We all die, but not equally.

While we all die, we don’t all die in the same way. Inequity and injustice are just as prevalent in death and dying as they are in life. Our work as scholars must address the particularities of death and dying in order to accurately and equitably represent the experience. We believe in opening doors and pathways for inclusive conversations about death and dying.

 

Death and dying work should serve the communities that it addresses.

We strive to engage with death and dying not just on a theoretical level but also on a practical and applied level. Taking a human-first approach to death and dying means producing work that intervenes on organizational and systemic levels and is accessible to the public.

A "human-first approach" to death and dying focuses on addressing not just individual experiences, but also the broader organizational and systemic structures that influence how death and bereavement are handled. Producing work at organizational and systemic levels means creating policies, research, and practices that can reform institutions—like hospitals, funeral homes, or universities—to ensure that these entities better support people during end-of-life processes. For instance, it may involve revising workplace bereavement policies to be more inclusive or advocating for healthcare systems to provide more compassionate care.

Making this work accessible to the public means that the research or policies should be easy to understand and applicable in real-world settings. Instead of being confined to academic discussions, this approach ensures that the insights can be used by individuals, families, or organizations directly affected by death and dying. It serves communities by providing practical solutions to improve their experiences with loss, grief, and memorialization, making the process more humane, equitable, and supportive of diverse needs.

 

Death and dying work should be fundamentally anti-capitalist, anti-racist, anti-ableist, decolonial, and queer-friendly.

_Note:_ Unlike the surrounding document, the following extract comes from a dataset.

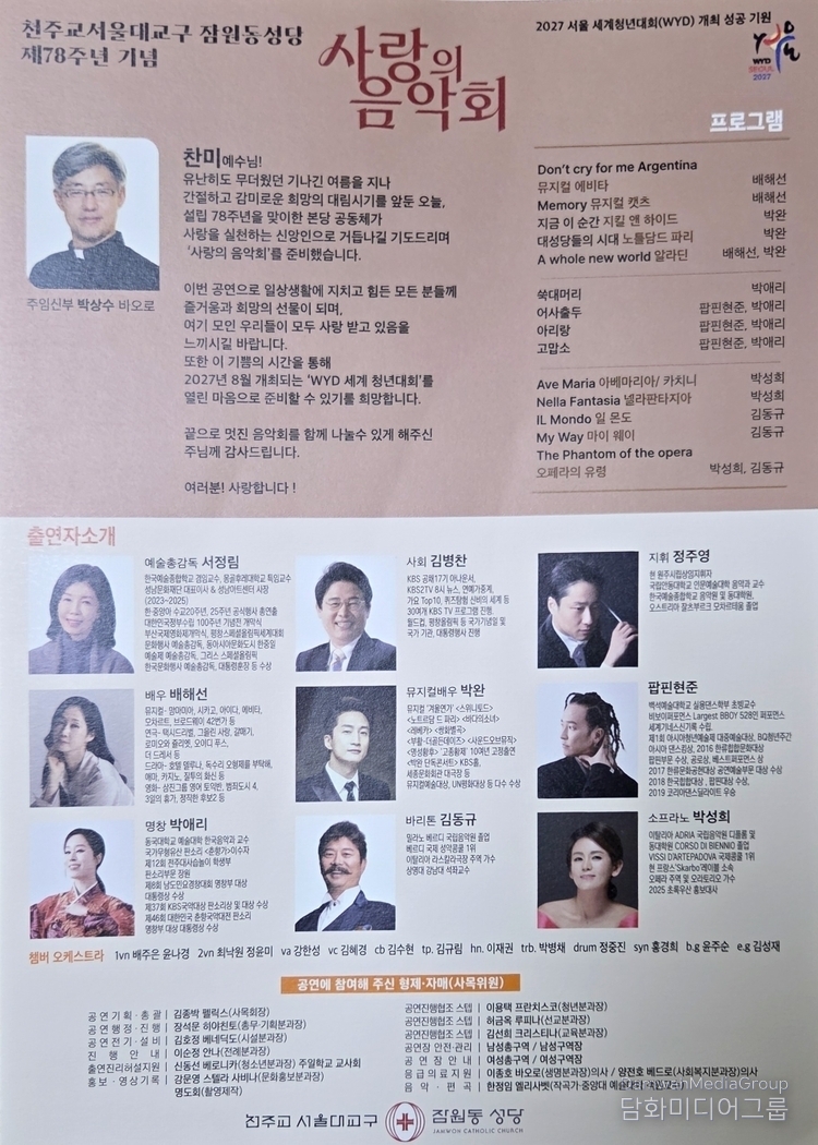 “WYD 2027, Let's Prepare with Open Hearts” – A community united through music Jamwon-dong Cathedral marks its 78th anniversary this year. This parish community, where generations from the elderly to youth and children come together, will reaffirm its strong solidarity in faith through this concert.

We align ourselves with The Collective for Radical Death Studies in believing (and practicing) that there is no place for discrimination in death and dying research. Likewise, we take a radically inclusive stance on death and dying issues. It is our goal as scholars of death and dying to produce work that constantly critiques hegemonic structures of power and oppression when we encounter them.
 

This includes compassionately holding our colleagues accountable and creating an atmosphere for growth and betterment in our own community.

 

Death and dying work require an attitude of humility, compassion, and curiosity.

As scholars of death and dying, we often engage with topics that are sensitive and emotionally complex. This work requires that we remain humble in order to accept feedback and criticism on our projects, engage compassionately so that we ensure our colleagues and communities feel seen, heard, represented, and respected, and stay curious to always ensure that our work is engaging new trends and issues as they emerge.